The final clause of 1 Samuel 2:3 is often misunderstood as a declaration that God knows what each person is thinking and will judge them accordingly. While this is true, it is not what Hannah has in mind in this portion of her song. Instead, she says nothing is hidden from God's sight, past present or future and therefore God's perfect will is carefully considered in eternity. In human terms we would say that Yahweh has carefully thought through all things and therefore all that takes place are a reflection of his sovereign will. In other words everything that happened in Hannah's story took place as part of God's sovereign design. Hannah was barren by God's design. She was ridiculed and shamed by God's design. She was brought to the point of despair by God's design and she vowed to give her firstborn child to God, by Yahweh's design. The baby was born and dedicated to the Lord to live in Shiloh by God's design. Everything in the story took place so that God would be glorified and his perfect will accomplished. God's glory was brought into sharp focus and enhanced through Hannah's shame, vindication and victory over her enemies.
The Prayer of Hannah and Our Christian Walk
Very few Christians live as if God is sovereign. He is, but most 21st-century followers of Christ do not acknowledge that truth in their life. Therefore, the first thing we can learn from Hannah's prayer is the need to acknowledge the sovereignty of God and to live accordingly. To live in recognition of the sovereignty of God means we do not complain about our circumstances. That does not mean we do nothing about our situation; it means we rejoice in the Lord even while we pray and work to better our lot.
Modern believers also need to affirm that God is the unique one true God. Again, every professing Christian gives lip service to this truth but often believes and lives something much different. There are a shocking number of self professing Christians who say that Jesus Christ is not the only way to salvation. This is a denial of the uniqueness and sovereignty of God. It is a denial of his uniqueness by saying he is just one among many options. It is a denial of his sovereignty by saying he is not the only agent of salvation and therefore does not actually control access to the rewards of eternity.
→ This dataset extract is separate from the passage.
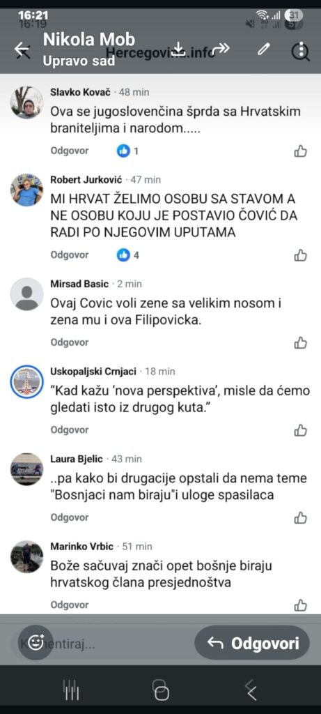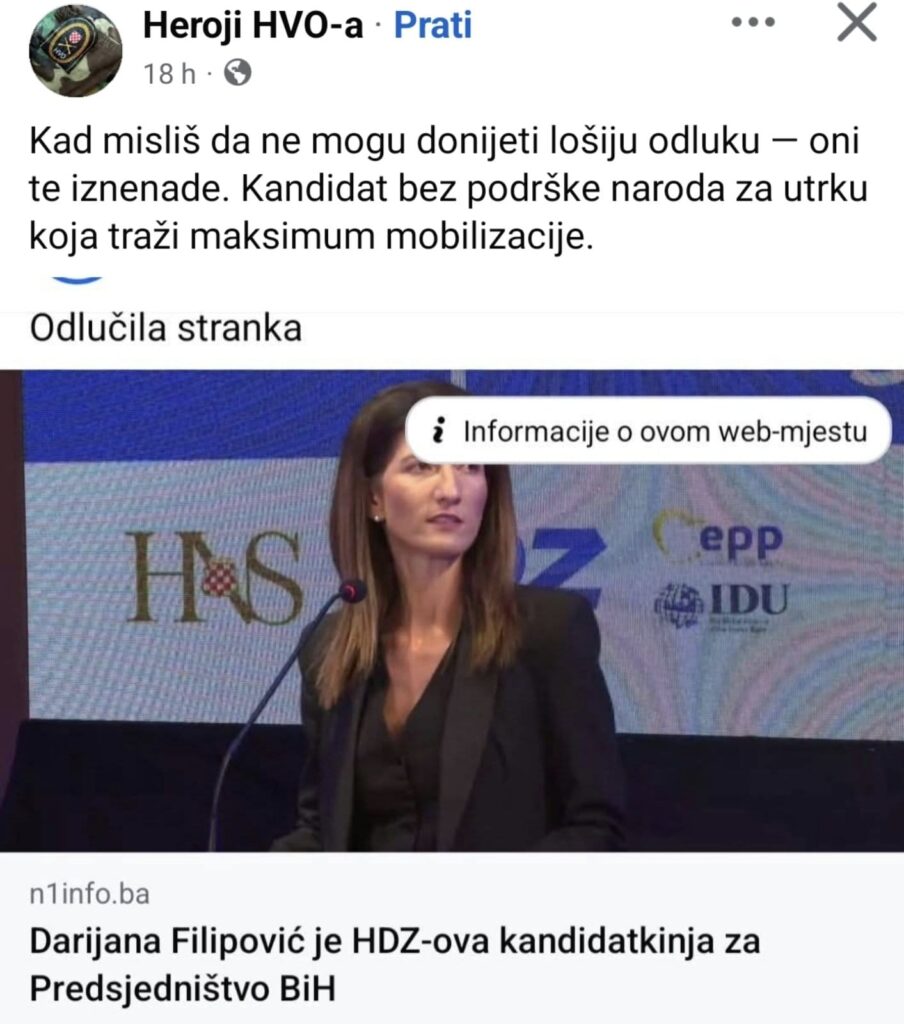 Čvrsto držim, kako je posrednim izborom, koji i nije baš posve jasan, niti je  demokratski otvoren, dobivena posrednica kao kandidat za člana predsjedništva BiH! Dakle, to znači da je lider posredovatelj a da bi pozicija člana predsjedništva BiH, bila njena-posredovateljičina! Naime, time se otvara pitanje političkog nasljeđa, koje se rukovodi legitimnim predstavljanjem? Pitanje: što ako dosadašnji nositelj vlasti nije više u moći i stanju, obnašati djelatnu poziciju…Čvrsto držim, da posredni izbori, koji jesu komunistički relikt, i kao takvi, ne pripadaju niti jednom demokratskom procesu, niti mogu garantirati izbornu legitimnost. Stoga, u smislu učinkovitog političkog nasljeđa, na taj način izabrana kandidatkinja ne može biti u kontinuitetu vršenja političko djelatne, izborne, pozicije! Nije li nelegitimna…To i Vi mislite?

A key aspect of a belief in the sovereignty of God is the understanding that his eternal decrees are well thought out. His eternal plan is not a slap-dash affair. Moreover, Bible believing Christians should consider ludicrous the suggestion that God does not know or control the future. To think of God as desperately trying to keep everything together as he juggles the innumerable events of this life is blasphemous. God is never taken by surprise. God never resorts to Plan B (there is no Plan B). God never simply allows an event; everything happens according to his perfect will. Now, the discussion of how humanity's free will fits into this picture is for another time; it will suffice to say that even (true) human free will is part of the eternal plan and purpose of God and is ultimately under his control (for a start see, here and here and here).
The opening lines of Hannah's prayer of thanksgiving and praise deal with basic Bible doctrines. Nevertheless, Hannah has much to teach to 21st century followers of Christ. We must affirm the sovereignty and uniqueness of God in our Lord Jesus Christ and the righteousness of his eternal decree. The failure of the modern church to avow these truths weakens her witness and service to the world. Instead of the Body of Christ, she becomes just another fraternal order or social action organization.